Classical eval patches will be tested with 'NNUE false', we'd like to keep it in good shape.
castling right are not yet taken into account, but there are extensions of the network architecture that do take it into account. Testing those architectures is for the (near?) future, once we have some experience with the current setup and it is stable.
I haven't checked the role of rotate180 yet.
I suspect that the 180 degree rotation might come from the fact that shogi has a point symmetric starting position, so if there is no other reason for that choice I would agree that reflecting the axial symmetry of the chess starting position in that transformation would make sense.
3 Ltc Tests passing with new net.
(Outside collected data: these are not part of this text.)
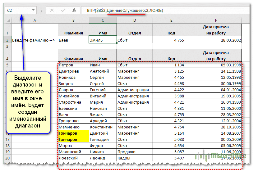 Чтобы упростить использование формул, вы можете создать именованный диапазон, а затем ссылаться на него. В нашем случае назовем его «EmployeeData» (помните, что здесь нельзя использовать пробелы).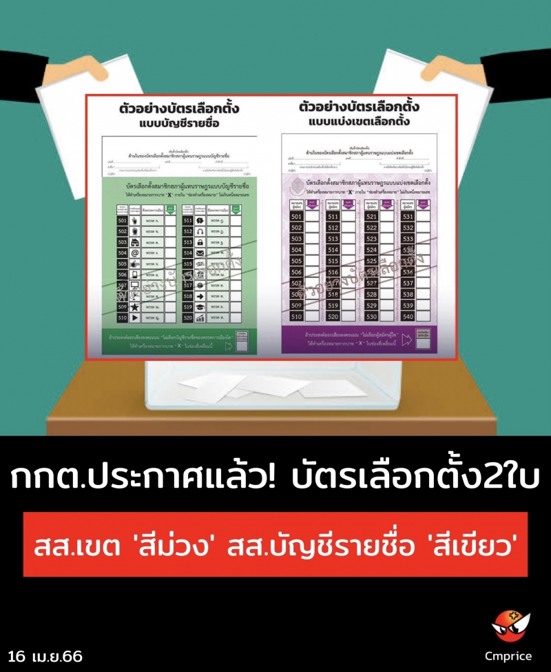 กกต.ประกาศแล้ว! สีบัตรเลือกตั้ง ส.ส. มี 2 สี บัตรเลือกตั้งแบบแบ่งเขตเป็นสีม่วง และบัตรเลือกตั้งแบบบัญชีรายชื่อเป็นสีเขียว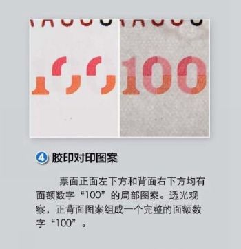 四看胶印对印图案。在钞票正面左下方和背面右下方,两面都有数字“100”的局部图案。透光观察,正背面图案就可以组成一个完整的面额数字“100”。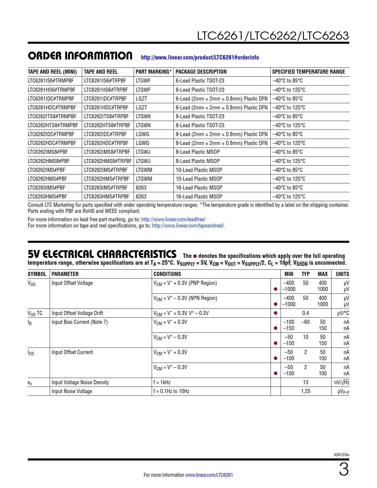 LTC6261/LTC6262/LTC6263 orDer inForMAtion http://www.linear.com/product/LTC6261#orderinfoTAPE AND REEL (MINI)TAPE AND REELPART MARKING* PACKAGE DESCRIPTIONSPECIFIED TEMPERATURE RANGE LTC6261IS6#TRMPBF LTC6261IS6#TRPBF LTGWF 6-Lead Plastic TSOT-23 –40°C to 85°C LTC6261HS6#TRMPBF LTC6261HS6#TRPBF LTGWF 6-Lead Plastic TSOT-23 –40°C to 125°C LTC6261IDC#TRMPBF LTC6261IDC#TRPBF LGZT 6-Lead (2mm × 2mm × 0.8mm) Plastic DFN –40°C to 85°C LTC6261HDC#TRMPBF LTC6261HDC#TRPBF LGZT 6-Lead (2mm × 2mm × 0.8mm) Plastic DFN –40°C to 125°C LTC6262ITS8#TRMPBF LTC6262ITS8#TRPBF LTGWK 8-Lead Plastic TSOT-23 –40°C to 85°C LTC6262HTS8#TRMPBF LTC6262HTS8#TRPBF LTGWK 8-Lead Plastic TSOT-23 –40°C to 125°C LTC6262IDC#TRMPBF LTC6262IDC#TRPBF LGWG 8-Lead (2mm × 2mm × 0.8mm) Plastic DFN –40°C to 85°C LTC6262HDC#TRMPBF LTC6262HDC#TRPBF LGWG 8-Lead (2mm × 2mm × 0.8mm) Plastic DFN –40°C to 125°C LTC6262IMS8#PBF LTC6262IMS8#TRPBF LTGWJ 8-Lead Plastic MSOP –40°C to 85°C LTC6262HMS8#PBF LTC6262HMS8#TRPBF LTGWJ 8-Lead Plastic MSOP –40°C to 125°C LTC6262IMS#PBF LTC6262IMS#TRPBF LTGWM 10-Lead Plastic MSOP –40°C to 85°C LTC6262HMS#PBF LTC6262HMS#TRPBF LTGWM 10-Lead Plastic MSOP –40°C to 125°C LTC6263IMS#PBF LTC6263IMS#TRPBF 6263 16-Lead Plastic MSOP –40°C to 85°C LTC6263HMS#PBF LTC6263HMS#TRPBF 6263 16-Lead Plastic MSOP –40°C to 125°C Consult LTC Marketing for parts specified with wider operating temperature ranges. *The temperature grade is identified by a label on the shipping container. Parts ending with PBF are RoHS and WEEE compliant. For more information on lead free part marking, go to: http://www.linear.com/leadfree/ For more information on tape and reel specifications, go to: http://www.linear.com/tapeandreel/. 5V electricAl chArActeristicsThe l denotes the specifications which apply over the full operatingtemperature range, otherwise specifications are at TA = 25°C. VSUPPLY = 5V, VCM = VOUT = VSUPPLY/2, CL = 10pF, VSHDN is unconnected. SYMBOL PARAMETERCONDITIONSMINTYPMAXUNITS VOS Input Offset Voltage VCM = V– + 0.3V (PNP Region) –400 50 400 µV l –1000 1000 µV VCM = V+ – 0.3V (NPN Region) –400 50 400 µV l –1000 1000 µV VOS TC Input Offset Voltage Drift VCM = V– + 0.3V, V+ – 0.3V l 0.4 µV/°C IB Input Bias Current (Note 7) VCM = V– + 0.3V –100 –60 50 nA l –150 150 nA VCM = V+ – 0.3V –50 10 50 nA l –150 150 nA IOS Input Offset Current VCM = V– + 0.3V –50 2 50 nA l –100 100 nA VCM = V+ – 0.3V –50 2 50 nA l –100 100 nA en Input Voltage Noise Density f = 1kHz 13 nV/√Hz Input Noise Voltage f = 0.1Hz to 10Hz 1.25 µVP-P 626123fa For more information www.linear.com/LTC6261 3 Document Outline Features Applications Description Typical Application Absolute Maximum Ratings Pin Configuration Order Information 5V Electrical Characteristics 1.8V Electrical Characteristics Typical Performance Characteristics Pin Functions Simplified Schematic Operation Applications Information Package Description Typical Application Related Parts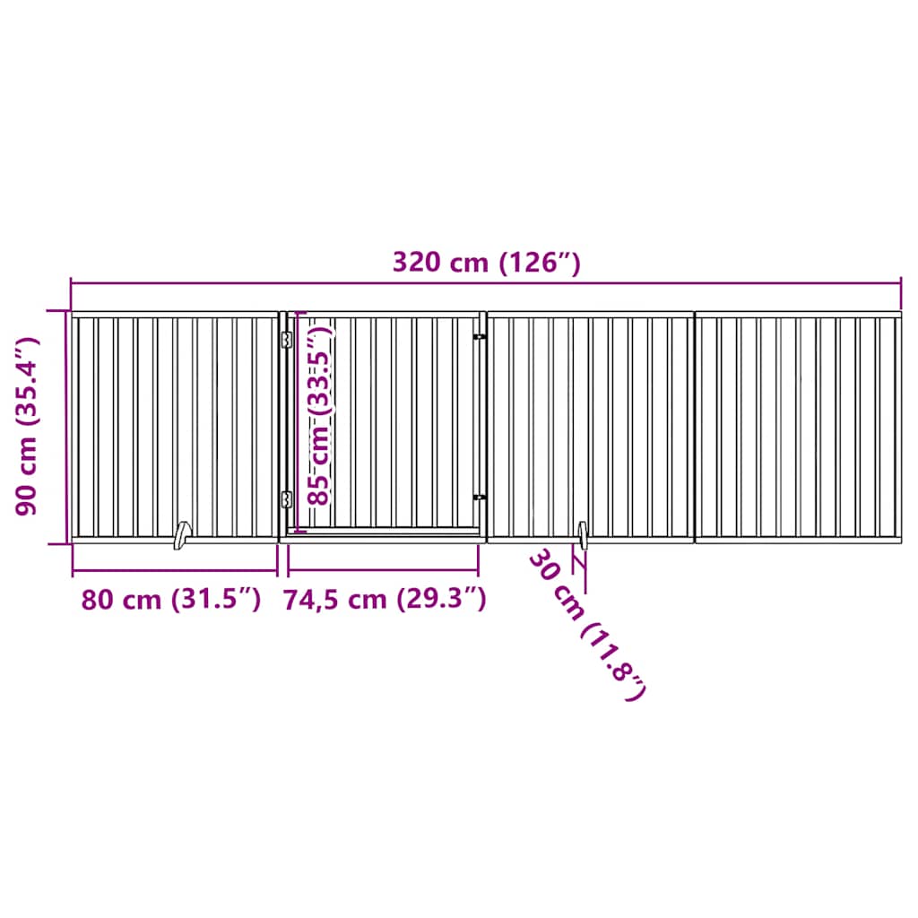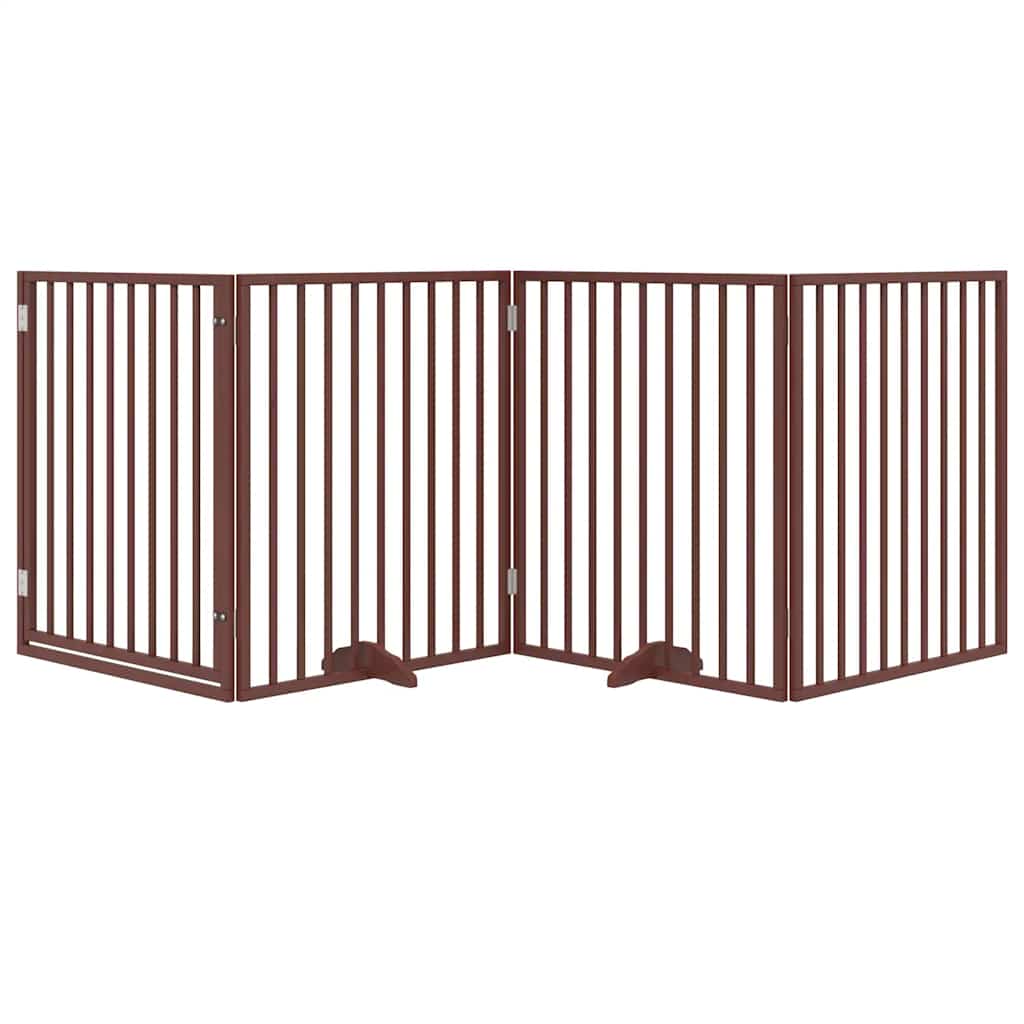 Cancelletto per cani con porta pieghevole 4 pannelli marrone 320 cm in legno di pioppo 352203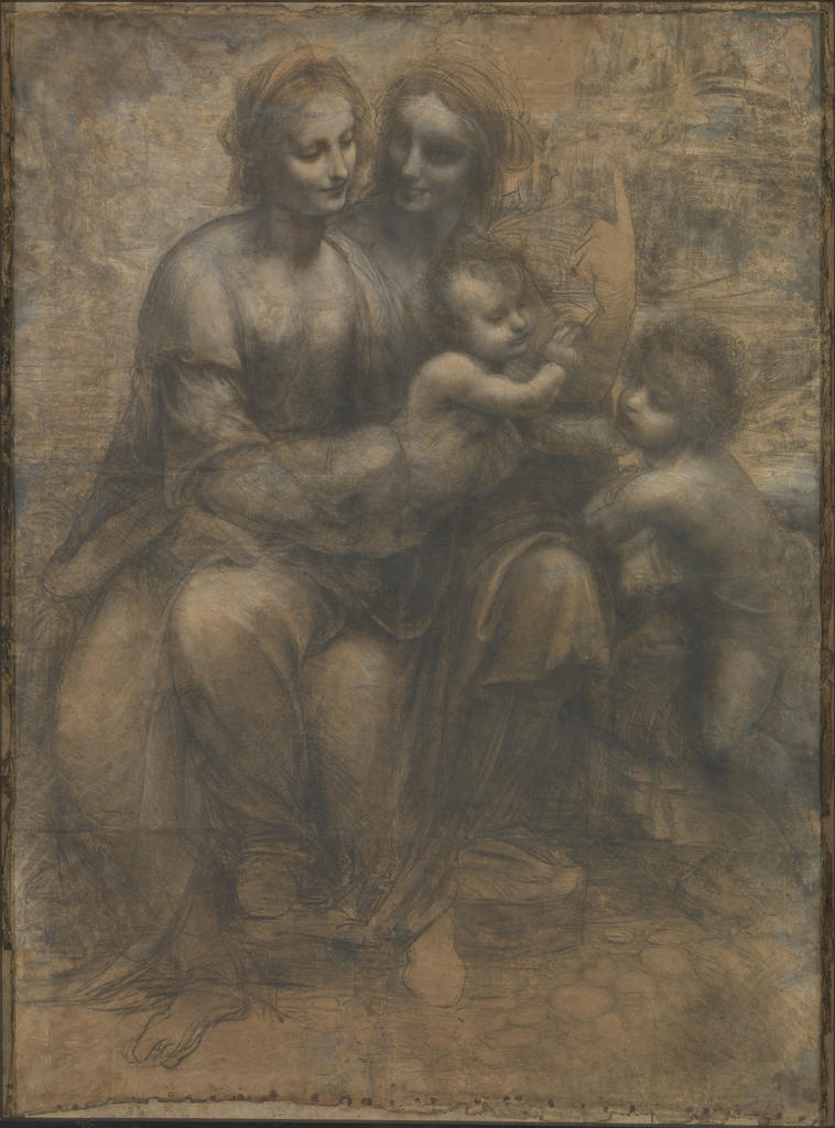Léonard de Vinci (1452-1519), Sainte Anne, la Vierge, l’Enfant Jésus et saint Jean-Baptiste enfant ou Carton de Burlington House, vers 1506-1508. Charbon et craie blanche sur papier, monté sur châssis, 141,5 x 104,6 cm. Londres, The National Gallery.

Lowering hybrid threshold and adding new term and raising hybrid threshold. Raising threshold should be good at vltc where speedup isn't as important. With new net it might not have pawn blindspot anymore?
Can someone make a branch that loads two different nets for a good base for these type of experiments?
The question is not quite clear to me.
Note that this patch https://github.com/Vizvezdenec/Stockfish/compare/add890a10b...5129aab83a almost certainly also increases the hybrid threshold on average. You can use dbg_mean_of(foo);
in the code to see the average value of a term, during a bench.
I'll create this new issue to track new ideas and channel early questions.